Taking Positions: On the Erotic in Renaissance Culture


Taking Positions: On the Erotic in Renaissance Culture. By Bette Talvacchia. Princeton, New Jersey: Princeton University Press, 1999. Pp. xiv + 305. Illus. $35.00 cloth, $22.95 paper.

Bette Talvacchia's Taking Positions is a fascinating and detailed examination of what may be the best-known erotic representations in Western culture: the series of engravings after drawings by Giulio Romano known as I modi, or "The positions." Executed by Marcantonio Raimondi in 1524, the engravings were published three years later with accompanying sonnets written by Pietro Aretino in a work titled I sonetti lussuriosi. The images were notorious throughout sixteenth-century Europe, and while relatively few readers may actually have gotten their hands on a copy, "Aretino's postures" came to be recognized throughout Western Europe as an archetype of erotic art, alluded to by English writers as diverse as John Donne, Thomas Nashe, and Ben Jonson, and reproduced in various forms up to the time of the French Revolution and beyond.

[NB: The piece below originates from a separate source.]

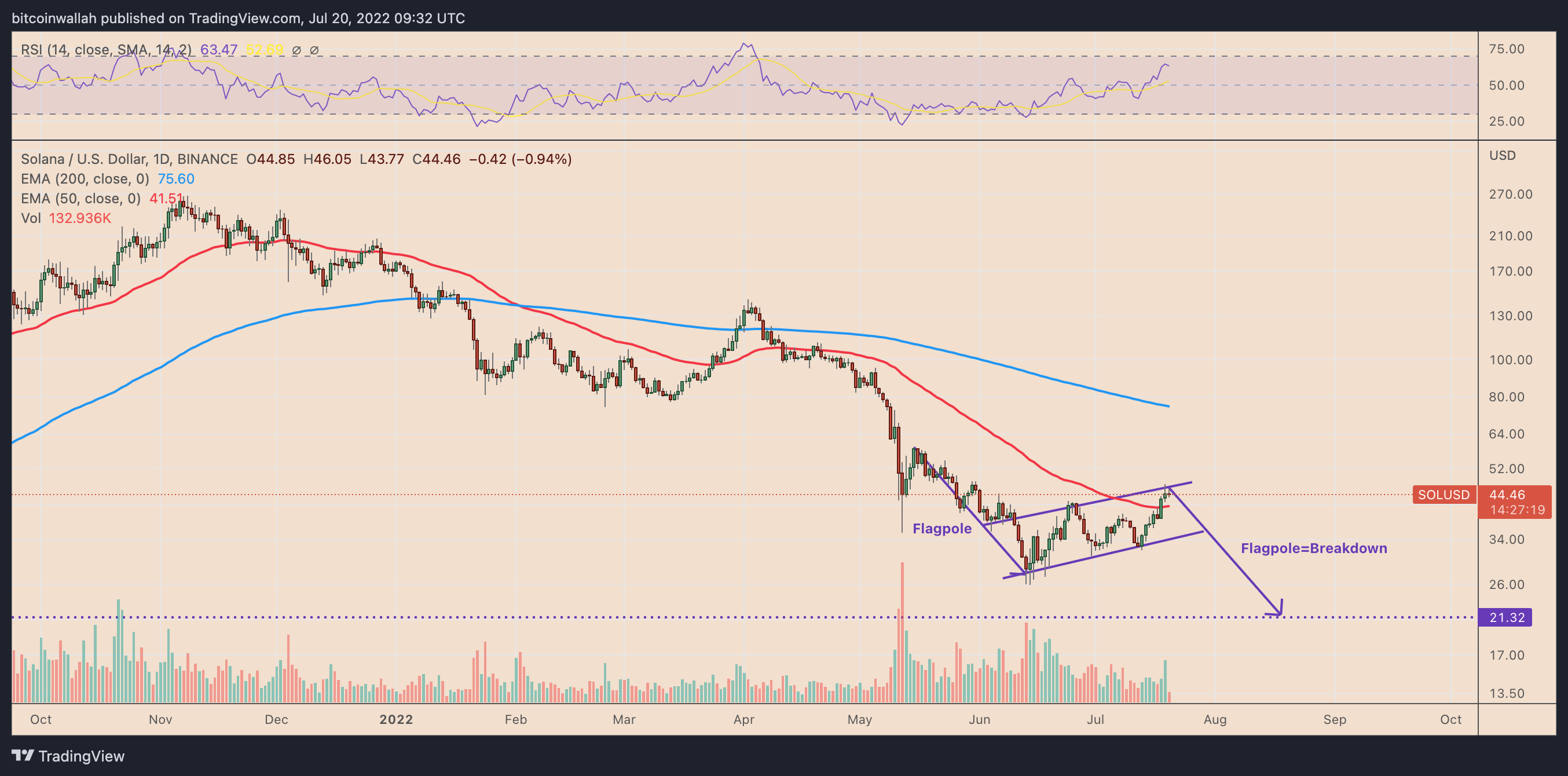 The bear flag setup appears after SOL’s 80%-plus price rally since June 14, primarily driven by a similar recovery across the crypto market.

Both the images of I modi and the texts of the sonnets mark significant innovations in the representation of eroticism. Romano's illustrations, which all depict naked men and women in different positions of sexual intercourse, are remarkable not only for their frankness but also for their lack of decorous mythological trappings. Unlike most erotic art from sixteenth-century Italy--Titian's Venus of Urbino, for example--these are images of human beings, not gods and goddesses.

Aretino's sonnets are striking not only in the colloquial directness of their vocabulary but also in their radical combination of form and content. The sonnet is here transformed into a slangy celebration of sexual fulfillment. It is hard to imagine Petrarch (or Sidney's Astrophil) beginning a sonnet with the line: "Open your thighs so that I can clearly see your beautiful ass, with your cunt in view" ["Apri le coscie, accio ch'io veggia bene / Il tuo bel culo, e la tua potta in viso"] (Sonnet 11). Nor are these sonnets male monologues but male-female dialogues. Although, as Talvacchia reminds us, women's voices here remain the product of a male author's imagination, the women are frequently imagined as taking control of the sexual encounter and telling men how to please them.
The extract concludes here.